И видел я, что и Виктория
ПРОЧУВСТВОВАЛА меня и так же видела все внутри меня и так же радовалась
тому, что чувства наши будто близнецы и также ПОГРУЖАЛАСЬ Виктория В
МЕНЯ и видела она всю душу мою и все в ней было словно отраженьем ее самой
потому так радовалась Виктория, как и я. И пока мы стояли, время текло вокруг
нас, но совершенно не замечали мы этого течения и не видели толпы, не
слышали громко дребезжащие конки, резво бегущие по брусчатке и покрикиваний
возничих, не видели и не замечали, и все стояли подле друг друга и боялись
отпустить руки наши, словно могло прекратиться это чувство, вдруг охватившее
нас и превратившее в одно целое и оттого стояли мы и чувствовали друг друга
все сильнее и сильнее словно ныряя друг в друге, будто резвящиеся дельфины в
мягком и теплом море.

И было все это настолько прекрасным и наполненным
жизнью ощущением, что закрыл я глаза и предался этим ощущениям и весь я
будто исчез и осталось от меня лишь кончики пальцев, коими я и дотрагивался до
нежной руки Виктории и срастался с ней, будто привитая ветка вишни на новое
дерево и чувствовал я все ее соки и питали они меня и будто заново рождался я и
познавал весь мир заново - через Викторию, как ребенок внутри матери и все,
буквально все, абсолютно все, весь мир терял значение и были лишь наши руки,
которые сами тянулись друг к другу и переплетались и радовались мы, что
наконец встретились мы, что и было предначертано нам самой судьбой.

И пустое
прошлое наше вдруг обрывалось резко вниз и перед нами расстилалась новая
дорога, идущая в будущее и знали мы, что суждено далее нам идти по дороге
этой лишь вместе и никогда больше поодиночке и что весь мир ракрывается
перед нами в новом свете и свет этот будет всегда помогать нам и вести не через
ямы и овраги жизни, а только по ровной дороге, покрытой мягкой травой и всегда
будет свет над нашими головами и никогда дождь или ливень, или град или снег.
Так будет это всегда и лишь потому, что наступил час соединения двоих в одно
целое навсегда и даже дольше вечности.

И продолжалось бы это чувство
бесконечно, если бы не один господин в клетчатой кепи не пнул меня неожиданно
локтем и не сказал довольно громко вслух, дескать, стал верстовым столбом и не
обойти его вовсе, да настолько громко, что некоторые даже обернулись и
корящими взглядами посмотрели на меня.
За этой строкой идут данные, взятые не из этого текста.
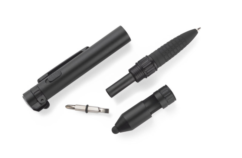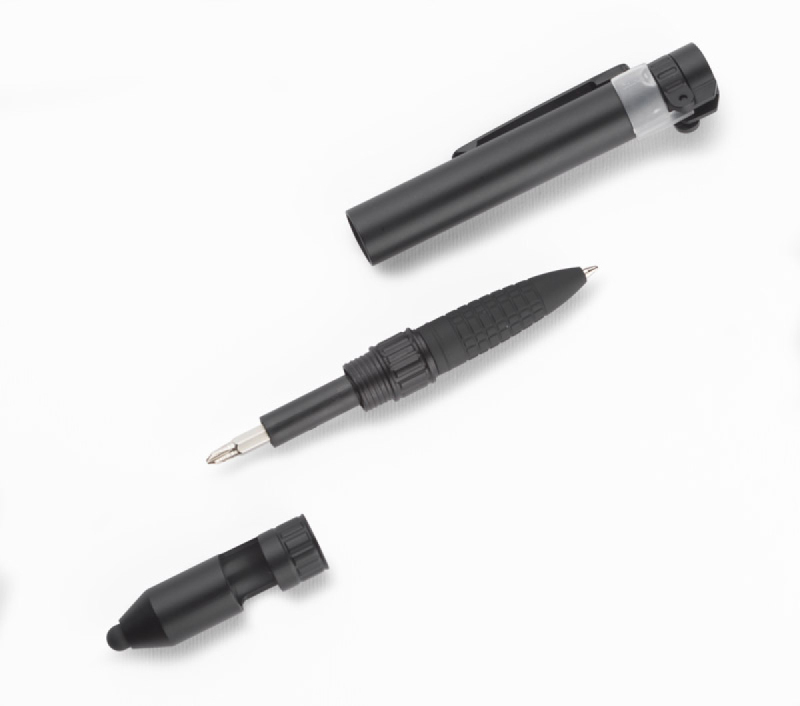 GYVER bude perfektním dárkem pro příznivce serepetiček, kteří očekávají, že reklamní předměty budou vybavené překvapujícími funkcemi. Tento malý předmět je vybaven 7 funkcemi: propiskou, touch penem, stojanem na telefon, baterkou, 2 šroubováky, kompasem. Náplň v modré barvě.

А господин этот все же довольно
чувствительно пнул меня локтем в бок, и боль от удара этого все нарастала и к
моему сожалению ненадолго вернула меня к прежнему состоянию и вдруг снова
пришлось мне говорить на языке людей, а не чувств, и все еще держа Викторию
за руку, я спросил ее — Я очень хотел бы вновь угостить вас чашечкой кофе,
Виктория. Вы не откажите мне в этом удовольствии?

От слов моих и Виктория
тоже будто пробудилась от сна и улыбнувшись, слегка кивнула и ответила —
пойдемте же, но только за тот же столик, что и в прошлый раз. Мне понравилось
быть с вами там, Рихард — произнесла Виктория и я было уже обрадовался и
вдруг заметил, что мы по прежнему держимся за руки и не собираемся отпускать
их вовсе, и было это настолько естественным, будто бы всегда ее рука была в
моей и всегда моя рука обдавало жаром прохладную и нежную руку Виктории. И
совершенно затаив дыхание, вдруг решился я на большее и слегка, едва заметно
погладил вдруг руку Виктории и едва я сделал это, как вдруг словно сжался от
того, что позволил себе больше, чем можно и представилось мне, как вдруг
отдергивает руку свою Виктория и уходит прочь, навсегда. И сердце мое тотчас
забилось часто-часто, и уже было решил я умереть, не сходя с этого места, за
поступок свой, как вдруг неожиданно почувствовал, что рука Виктории не
отдергнулась, а наоборот, лишь еще сильнее прижалась к моей руке.

И от этого
понял я, что испугался я вовсе даже напрасно, что и Виктория хочет быть со мной
и испытывает ко мне такое же сильное чувство, что и я к ней, и что не обманулись
мы, и не показалось нам, что будто суждено нам быть вместе всегда, а на самом
деле все это и что стали мы с Викторией единым целым и уж более никогда не
будем поодиночке, а всегда вместе и только так и никак иначе. Никак.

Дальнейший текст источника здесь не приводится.